**WHAT NEEDS TO BE DONE:** In the records below, the lines between the one holding "Pullover in Reiskornstrick" and the one holding "今年は、雪が降ることが多く、今日も学校がうっすらと白くなりました。", inclusive, are to be transcribed exactly; no pictures are to be included.

**MATERIALS PROVIDED:**
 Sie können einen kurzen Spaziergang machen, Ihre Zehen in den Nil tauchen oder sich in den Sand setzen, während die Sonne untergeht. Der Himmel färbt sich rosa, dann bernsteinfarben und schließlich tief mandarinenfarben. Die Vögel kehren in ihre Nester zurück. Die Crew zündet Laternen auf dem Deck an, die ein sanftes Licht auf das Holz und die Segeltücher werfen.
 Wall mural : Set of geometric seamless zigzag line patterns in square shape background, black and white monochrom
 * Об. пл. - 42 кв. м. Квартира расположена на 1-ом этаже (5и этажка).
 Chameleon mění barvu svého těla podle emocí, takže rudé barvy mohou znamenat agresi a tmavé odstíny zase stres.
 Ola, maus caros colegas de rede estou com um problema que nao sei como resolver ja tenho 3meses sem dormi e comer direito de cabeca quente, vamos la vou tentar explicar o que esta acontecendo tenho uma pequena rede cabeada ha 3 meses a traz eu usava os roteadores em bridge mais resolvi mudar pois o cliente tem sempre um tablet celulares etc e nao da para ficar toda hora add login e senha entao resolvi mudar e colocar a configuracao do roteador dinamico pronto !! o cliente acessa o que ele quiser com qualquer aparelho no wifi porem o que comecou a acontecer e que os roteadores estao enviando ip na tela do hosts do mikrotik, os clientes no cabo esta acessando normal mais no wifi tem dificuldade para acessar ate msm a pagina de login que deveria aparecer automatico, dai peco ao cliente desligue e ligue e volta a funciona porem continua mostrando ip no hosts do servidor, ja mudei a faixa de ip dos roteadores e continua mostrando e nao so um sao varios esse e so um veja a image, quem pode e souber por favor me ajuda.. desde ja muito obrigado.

--

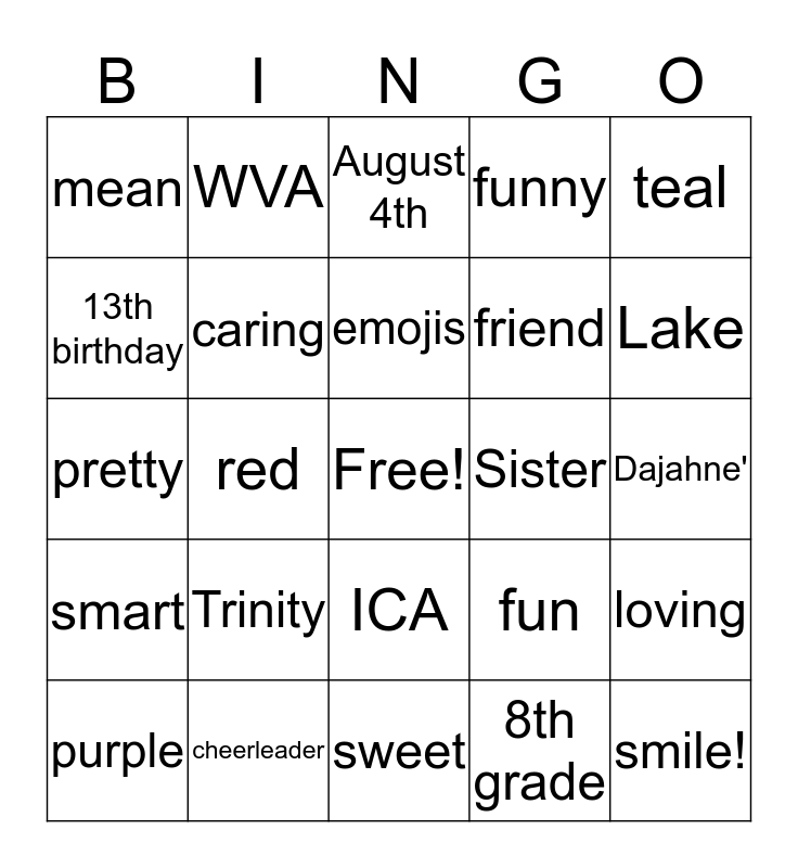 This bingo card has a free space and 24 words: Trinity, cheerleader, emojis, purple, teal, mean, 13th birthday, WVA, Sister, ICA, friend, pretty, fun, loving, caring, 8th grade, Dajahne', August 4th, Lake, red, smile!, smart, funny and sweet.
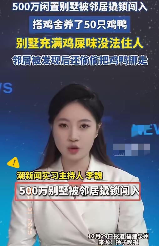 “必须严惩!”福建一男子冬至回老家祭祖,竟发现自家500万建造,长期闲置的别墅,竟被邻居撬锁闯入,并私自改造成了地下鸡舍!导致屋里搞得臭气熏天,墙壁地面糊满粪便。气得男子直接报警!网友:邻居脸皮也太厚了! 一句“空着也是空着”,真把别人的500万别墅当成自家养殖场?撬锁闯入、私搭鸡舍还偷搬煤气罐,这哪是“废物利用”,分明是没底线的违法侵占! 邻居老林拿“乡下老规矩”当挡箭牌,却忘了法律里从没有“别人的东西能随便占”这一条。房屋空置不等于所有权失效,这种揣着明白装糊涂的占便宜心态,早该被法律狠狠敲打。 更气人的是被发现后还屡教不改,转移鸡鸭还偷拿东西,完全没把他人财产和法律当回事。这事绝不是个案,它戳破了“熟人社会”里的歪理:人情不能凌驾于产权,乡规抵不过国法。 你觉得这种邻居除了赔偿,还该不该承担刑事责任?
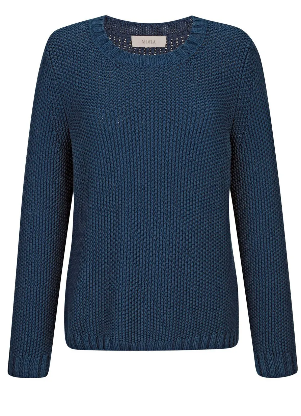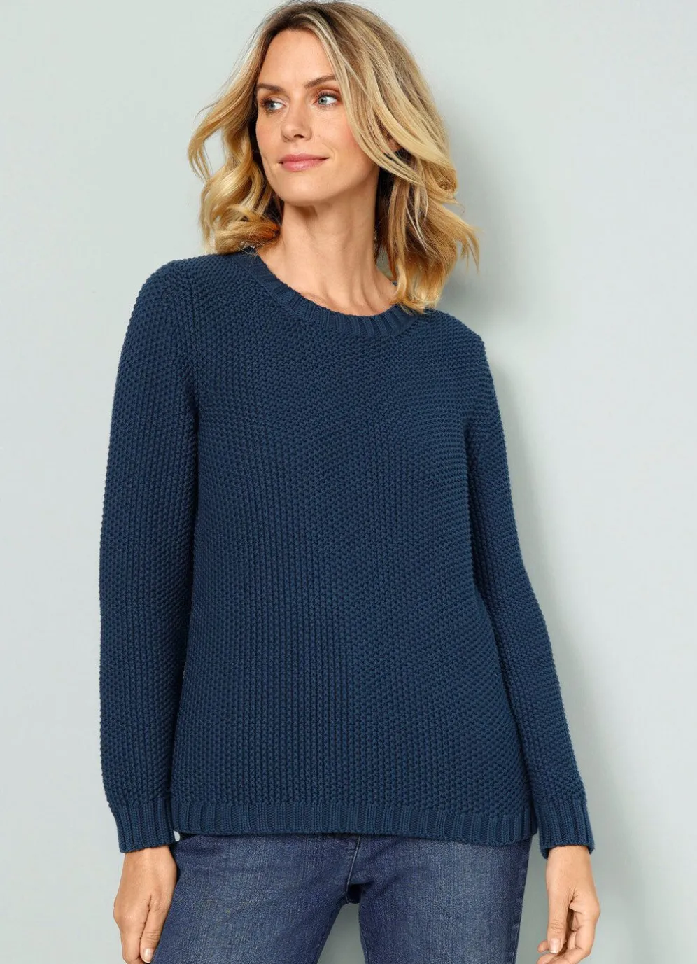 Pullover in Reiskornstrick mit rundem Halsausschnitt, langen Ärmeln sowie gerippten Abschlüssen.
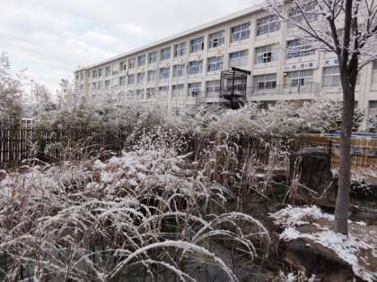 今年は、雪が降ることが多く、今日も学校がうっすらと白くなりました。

---

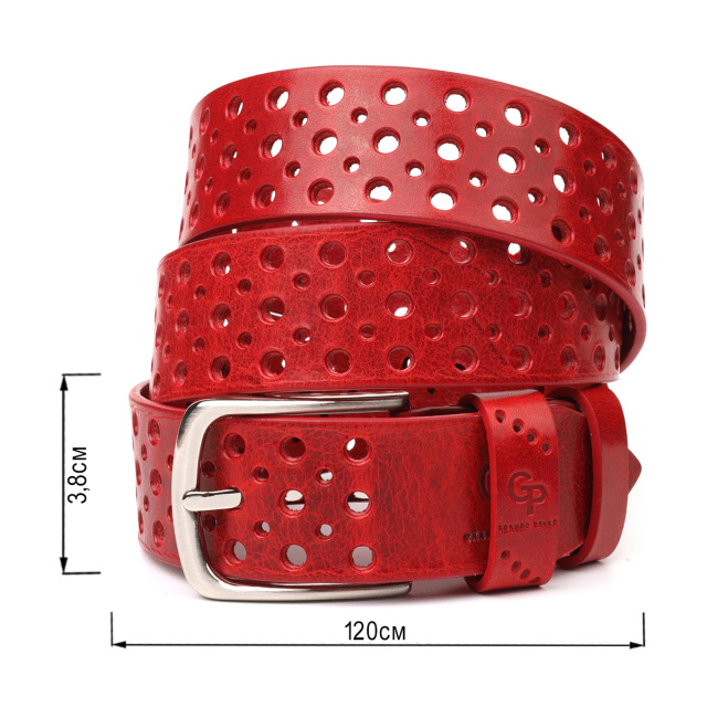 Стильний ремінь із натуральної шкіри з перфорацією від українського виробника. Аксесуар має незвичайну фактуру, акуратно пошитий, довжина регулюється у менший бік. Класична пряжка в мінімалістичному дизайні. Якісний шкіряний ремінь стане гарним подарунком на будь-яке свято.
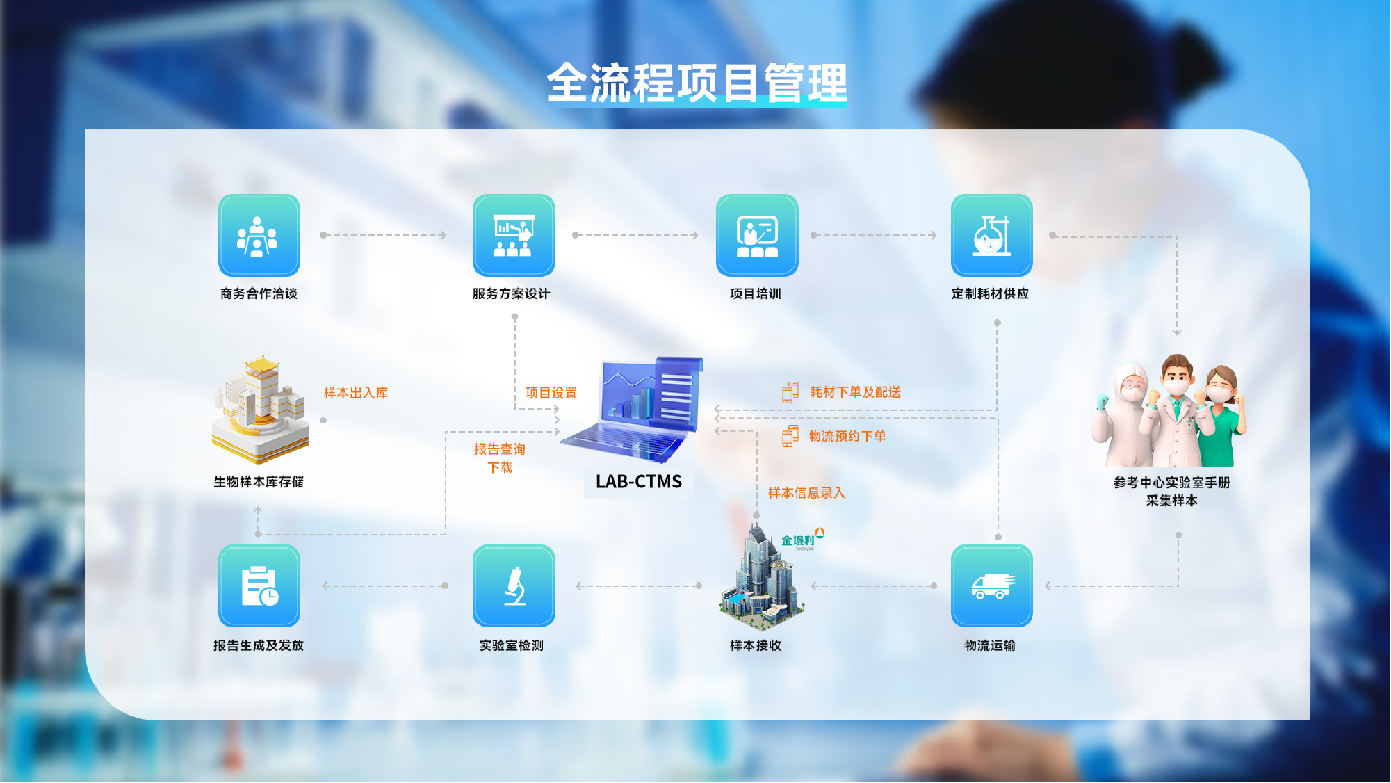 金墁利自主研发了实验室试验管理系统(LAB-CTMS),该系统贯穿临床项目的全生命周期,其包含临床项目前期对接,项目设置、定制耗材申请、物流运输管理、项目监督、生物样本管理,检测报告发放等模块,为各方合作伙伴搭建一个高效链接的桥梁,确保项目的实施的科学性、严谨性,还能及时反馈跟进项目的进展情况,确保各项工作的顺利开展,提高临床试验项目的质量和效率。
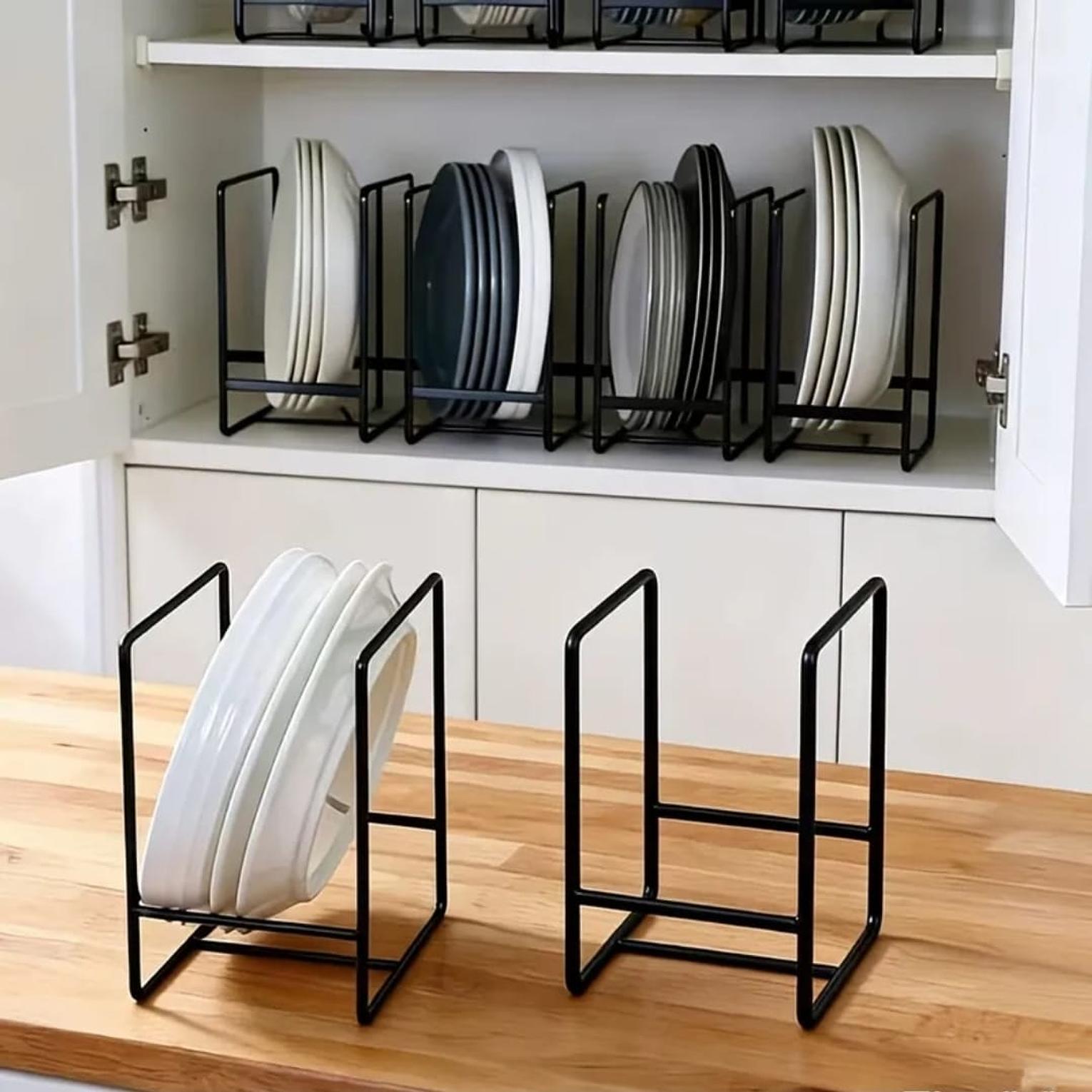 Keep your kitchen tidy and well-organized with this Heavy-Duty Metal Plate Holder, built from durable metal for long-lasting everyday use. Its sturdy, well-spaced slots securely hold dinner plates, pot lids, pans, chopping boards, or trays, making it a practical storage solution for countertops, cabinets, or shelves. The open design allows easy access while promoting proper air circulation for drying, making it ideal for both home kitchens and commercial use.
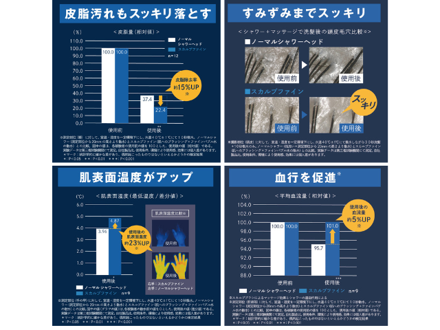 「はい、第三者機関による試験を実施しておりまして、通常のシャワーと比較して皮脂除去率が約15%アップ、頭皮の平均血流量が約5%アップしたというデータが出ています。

**ANSWER SECTION:**
 Pullover in Reiskornstrick mit rundem Halsausschnitt, langen Ärmeln sowie gerippten Abschlüssen.
 今年は、雪が降ることが多く、今日も学校がうっすらと白くなりました。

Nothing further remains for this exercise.